It’s been 3 days since I found out I have cancer. Metastatic melanoma (stage IV melanoma) to be exact. In January of 2007, I had a suspicious mole removed from my leg – the pathology report said melanoma. I had local surgery (a wide resection and a sentinel lymph node biopsy) followed by a clean PET scan. We thought that was the end of it. In November 2008, I got an infection in my leg at the surgical site of the first melanoma. There was a hard ball under my skin and the skin on top was red and hot. It hurt and I didn’t feel well. I called my surgeon’s office, but they told me that it couldn’t have anything to do with melanoma and to just get it treated by my primary physician. I took antibiotics and the infection went away. About 4 months later it happened again. Again I called my surgeon’s office and they told me to get it treated and then come in. When I got to my visit, the surgeon told me there was nothing they could do since I’d already had it treated, so I went home. In November 2009, I got a third infection. This time I called my medical oncologist (who was following me just as a precaution on the advice of my dermatologist). He forced an appointment for me with my surgeon’s office. This time they decided they would go back in, remove the mass, and determine what it was. They thought it was probably a stitch left over from the first surgery that was causing the infections. So I had another surgery and they removed the mass. The next day, the surgeon called and told me there was melanoma in the mass. The following day, I went back in for a second (or really third) surgery where he took a larger area. The pathology report on the larger area came back clean. I had had a PET scan before the surgery, which showed activity only in my leg at the same spot as the infection (which turned out to be melanoma). So they decided not to do another lymph node biopsy. Those two surgeries were in December 2009. In January 2010 (the next month), I got pregnant. We had been trying before the surgeries, so we were delighted. Of course, that ended any conversations about further treatment – they was nothing I could do until after the baby was born (he was born in October 2010 and he is the most precious, cutest, smartest little baby ever born).
Earlier this month, I had a routine follow-up PET scan since it had been a year since my last surgery. I had an appointment with my oncologist the following week. The day of my appointment, my plan was to take the baby to daycare for a few hours to get him used to it, because I was supposed to return to work the next week (my maternity leave was ending).
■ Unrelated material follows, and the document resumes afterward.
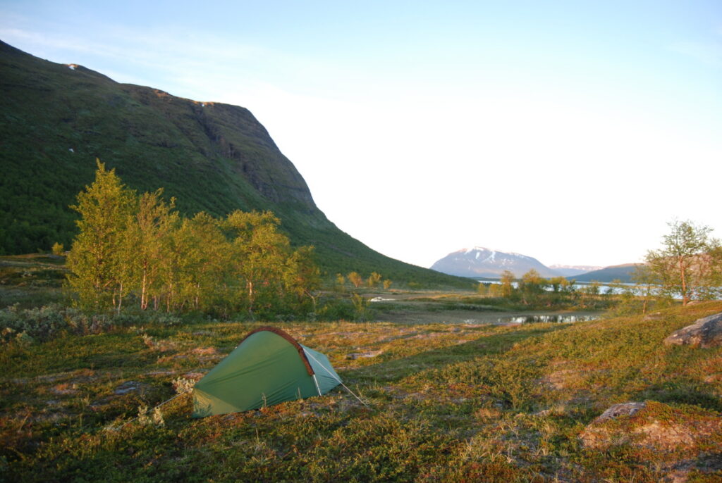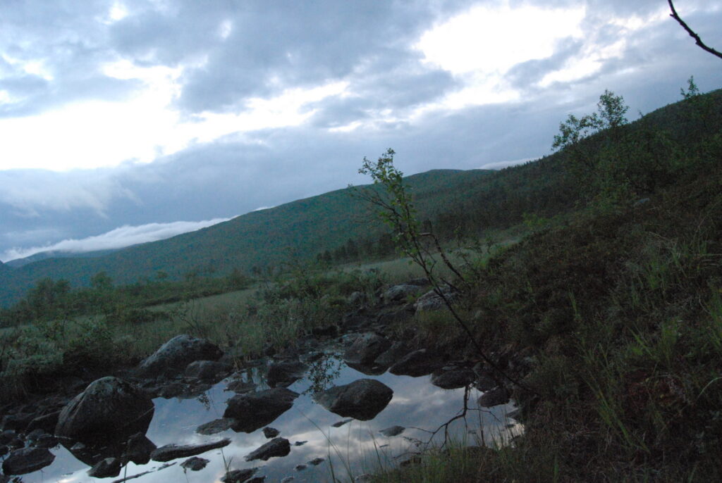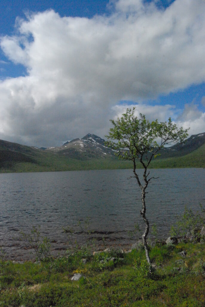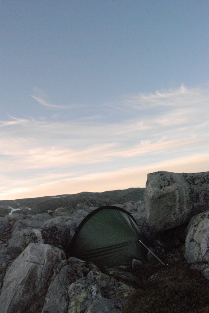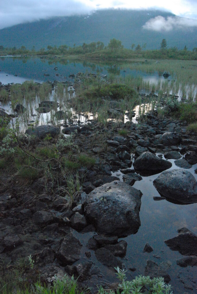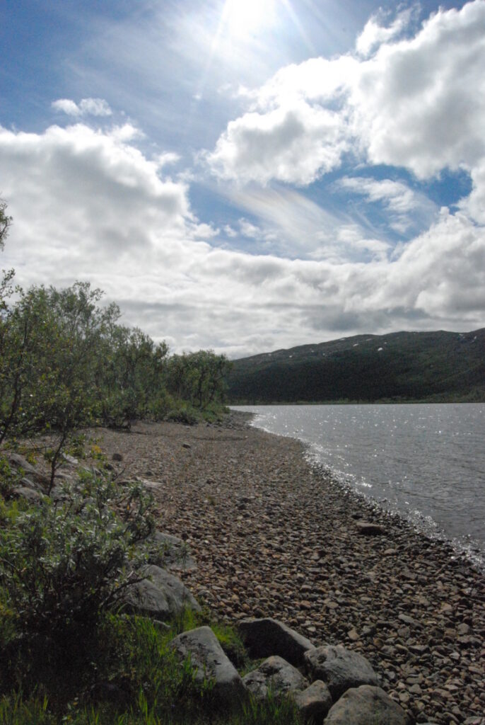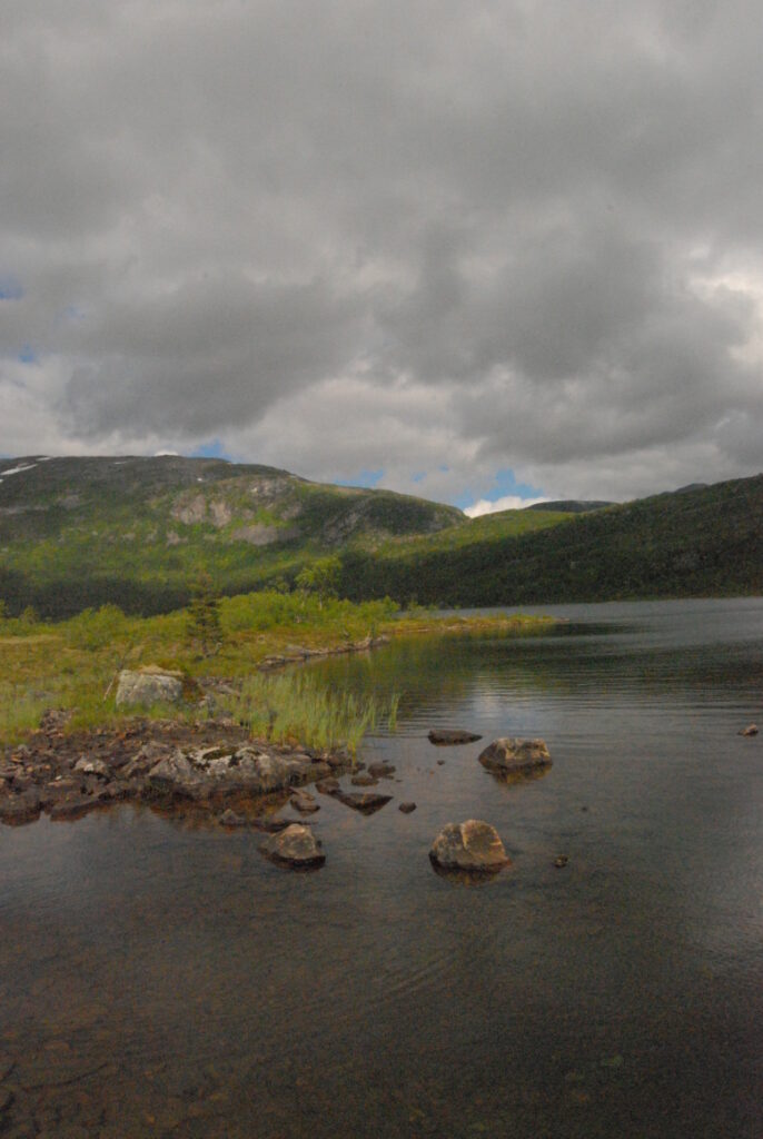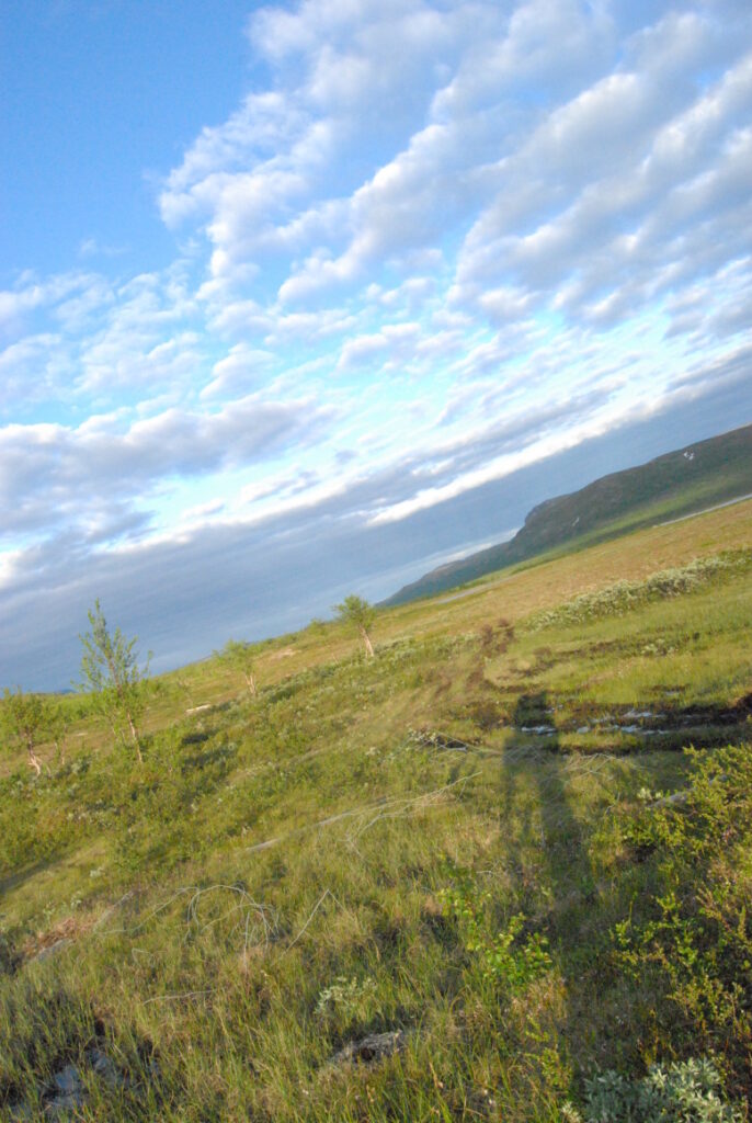 Le bus depuis Tromsø ne permet pas d’atteindre Innset, le point de départ du trek … trente kilomètres à parcourir moitié à pied moitié en stop! Il est encore tôt – vingt trois heures: je marche dix kilomètres avant de planter ma tente aux abords du lac, et la joie de découvrir en pleine lumière à trois heures du matin que les moustiques de dorment pas la nuit – il n’y a pas de nuit. Il est trois heures du matin et j’écris ce poème avant de m’endormir …

Since the daycare is next to our office (my husband, Jeff, and I work together – that’s where we met), I first took him in to show him off. When I got there, Jeff told me that my oncologist had called him and told him that he should come to my appointment with me because the PET scan was showing activity. At the appointment, my oncologist – Dr. Paul Thambi, one of the best doctors I have ever had in terms of dealing with patients and showing real caring and concern – told us the scan showed activity in my liver (3 cm), pancreas (2.5 cm), and lymph nodes (just a small amount). He was very honest and told us to expect that it is melanoma, giving us a 90% chance that it was. In preparation of it being melanoma, he proactively set up an appointment for us at NCI for the following week (this past Thursday). That was Tuesday. On Friday of that week, I had a liver biopsy. On Monday I had a brain MRI because NCI needed the results for our meeting (the MRI was clear, thank goodness, it has not spread to my brain). I had a follow-up appointment scheduled with my oncologist for this past Wednesday to learn the results of the biopsy.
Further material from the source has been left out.